I have no doubt, Spekulatius, that your insight into the MLP business model very likely exceeds mine.

I tend to interrogate how much of a company's initial Turnover/Revenue ends up at its Bottom Line, which, in turn, ultimately benefits the overall financial state of its Balance Sheet, more often than not by the build up of its Retained Income.
Needless to say, there are several factors that "bleed off" that Revenue as it works its way down the Income Statement, one of them being Interest Expense, which is why I put forward my query.

As you say, debt forms a part of an MLP's capital structure which contributes to its "action". But obviously debt costs, irrespective of the business model.

A quick calc of the relationship of KMI's EBIT and Interest Expense over the last 5 years, starting in 2009, shows us that debt expense reduced KMI's EBIT by 35%, 58%, 41%, 52% and 42% respectively.
Currently debt is cheap if one looks back in fairly recent history. One wonders how long that will continue to be the case, all things being considered.

If we refer to good ol' Buffett, the more ideal companies reflect about 15%. However, that's more of the ideal case. Let's double that and use, say, 30% of EBIT.
That would give KMI an Interest Expense for 2013 of roughly $1200mil.

KMI reported $1675mil.

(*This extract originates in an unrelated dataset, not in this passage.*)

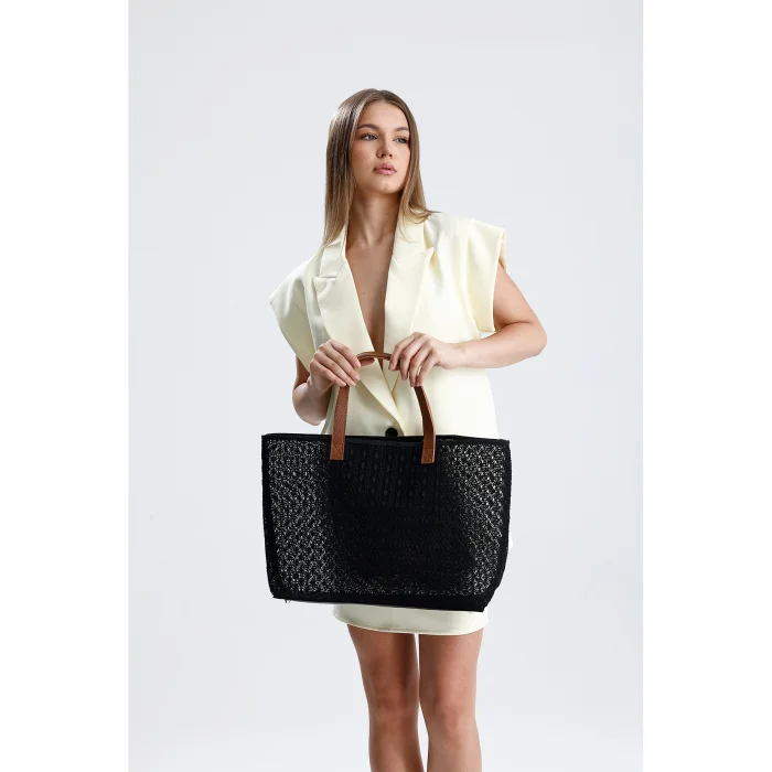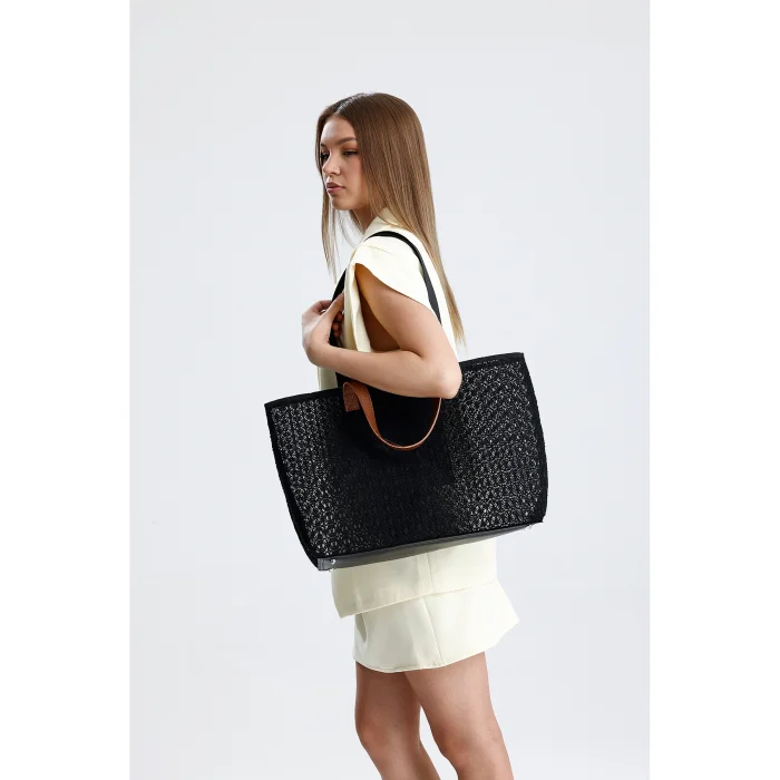 Featuring a sleek white lace pattern fabric and waterproof PVC coating, this oversized beach and shopping bag is ideal for both everyday use and summer activities. Thanks to its large inner volume, inner pocket and two different handle lengths, it can be used both as a shoulder and as a handbag. With its durable structure and aesthetic design, it reflects your style in any environment. Dimensions: 58x35x18 cm.
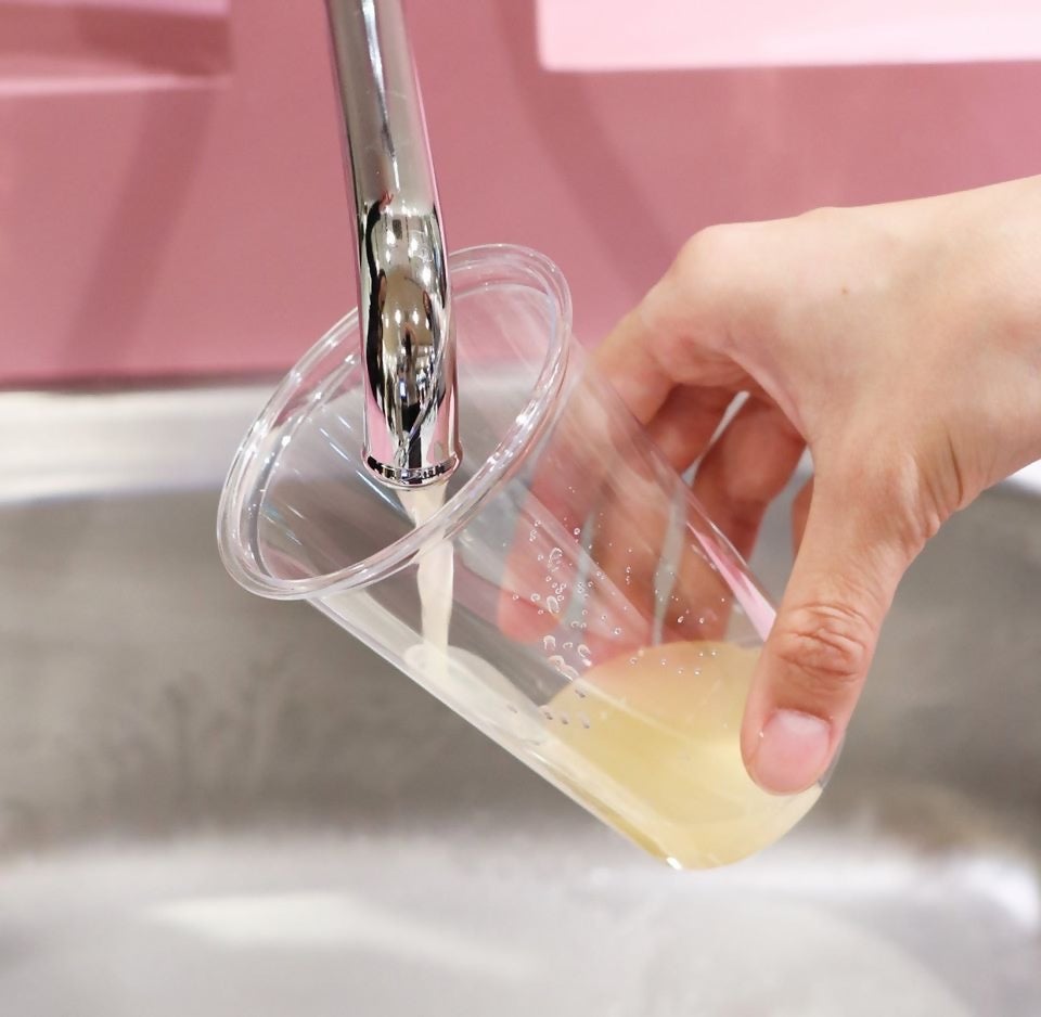 まるで夢のよう!蛇口をひねって注ぐ、濃厚な白桃ジュース

Interest Expense and had a Tax Percentage of about 22%.
Based on $1200mil., KMI would have added an extra after tax amount of $370mil. to its Bottom Line, and increased its original Net Income of $1193 by about 31%.

I guess that would have added to the Dividend payout and the "juice" which probably forms part of the action you referred to.

I was just wondering if KMI could still maintain its MLP type model but should maybe consider reducing its debt load and thereby somewhat improving its Bottom Line to the benefit of its investors.